Created attachment 30074 [details] /tmp/gcc49-pr57157.patch Untested forwprop patch (just tested with the included testcases).
Created attachment 30075 [details] /tmp/gcc49-pr57157.patch Untested tiny i386 improvement, instead of roll $31, %eax we can emit rorl %eax which is shorter.

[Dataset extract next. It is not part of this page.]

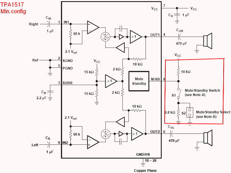 Texastól rendeltem TPA1517-es IC-ket. Megérkeztek Ez egy 2*6 W os stereo erősítő IC. Adatlapján a min.config- kapcsrajzal kapcsolatban lenne egy kérdésem. A képen bekeretezett rész elhagyható? Nekem nincs szükségem mute és stand by állásra. ha bekapcsolommenjen. Szóval ez a rész teljes mértékben elhagyható, vagy nem ártana "otthagynom" valamt?

Author: jakub Date: Fri May 10 08:40:10 2013 New Revision: 198769 URL: http://gcc.gnu.org/viewcvs?rev=198769&root=gcc&view=rev Log: PR tree-optimization/45216 PR tree-optimization/57157 * tree-ssa-forwprop.c (simplify_rotate): New function. (ssa_forward_propagate_and_combine): Call it. * c-c++-common/rotate-1.c: New test. * c-c++-common/rotate-1a.c: New test. * c-c++-common/rotate-2.c: New test. * c-c++-common/rotate-2a.c: New test. * c-c++-common/rotate-3.c: New test. * c-c++-common/rotate-3a.c: New test. * c-c++-common/rotate-4.c: New test. * c-c++-common/rotate-4a.c: New test. Added: trunk/gcc/testsuite/c-c++-common/rotate-1.c trunk/gcc/testsuite/c-c++-common/rotate-1a.c trunk/gcc/testsuite/c-c++-common/rotate-2.c trunk/gcc/testsuite/c-c++-common/rotate-2a.c trunk/gcc/testsuite/c-c++-common/rotate-3.c trunk/gcc/testsuite/c-c++-common/rotate-3a.c trunk/gcc/testsuite/c-c++-common/rotate-4.c trunk/gcc/testsuite/c-c++-common/rotate-4a.c Modified: trunk/gcc/ChangeLog trunk/gcc/testsuite/ChangeLog trunk/gcc/tree-ssa-forwprop.c Author: jakub Date: Mon May 13 11:04:26 2013 New Revision: 198823 URL: http://gcc.gnu.org/viewcvs?rev=198823&root=gcc&view=rev Log: PR tree-optimization/45216 PR tree-optimization/57157 * tree-ssa-forwprop.c (simplify_rotate): Only recognize the (-Y) & (B - 1) variant if OP is |. * expmed.c (expand_shift_1): For rotations by const0_rtx just return shifted. Use (-op1) & (prec - 1) as other_amount instead of prec - op1. * c-c++-common/rotate-1.c: Add 32 tests with +. * c-c++-common/rotate-1a.c: Adjust. * c-c++-common/rotate-2.c: Add 32 tests with +, expect only 48 rotates. * c-c++-common/rotate-2b.c: New test. * c-c++-common/rotate-3.c: Add 32 tests with +. * c-c++-common/rotate-4.c: Add 32 tests with +, expect only 48 rotates. * c-c++-common/rotate-4b.c: New test. * c-c++-common/rotate-5.c: New test. Added: trunk/gcc/testsuite/c-c++-common/rotate-5.c Modified: trunk/gcc/ChangeLog trunk/gcc/expmed.c trunk/gcc/testsuite/ChangeLog trunk/gcc/testsuite/c-c++-common/rotate-1.c trunk/gcc/testsuite/c-c++-common/rotate-1a.c trunk/gcc/testsuite/c-c++-common/rotate-2.c trunk/gcc/testsuite/c-c++-common/rotate-3.c trunk/gcc/testsuite/c-c++-common/rotate-4.c trunk/gcc/tree-ssa-forwprop.c
(In reply to Jakub Jelinek from comment #4) > Created attachment 30075 [details] > /tmp/gcc49-pr57157.patch > > Untested tiny i386 improvement, instead of roll $31, %eax we can emit > rorl %eax which is shorter. Forgive my ignorance... Why not put the shift amount in %ecx, %cx or %cl? The x86 processor will only use the low-order 5-bits (low order 6-bits for x86_64). That means you get the mask for free. With a free mask, you don't even have to worry about the ranges in C/C++ or the assembler's "I" or "J" constraints.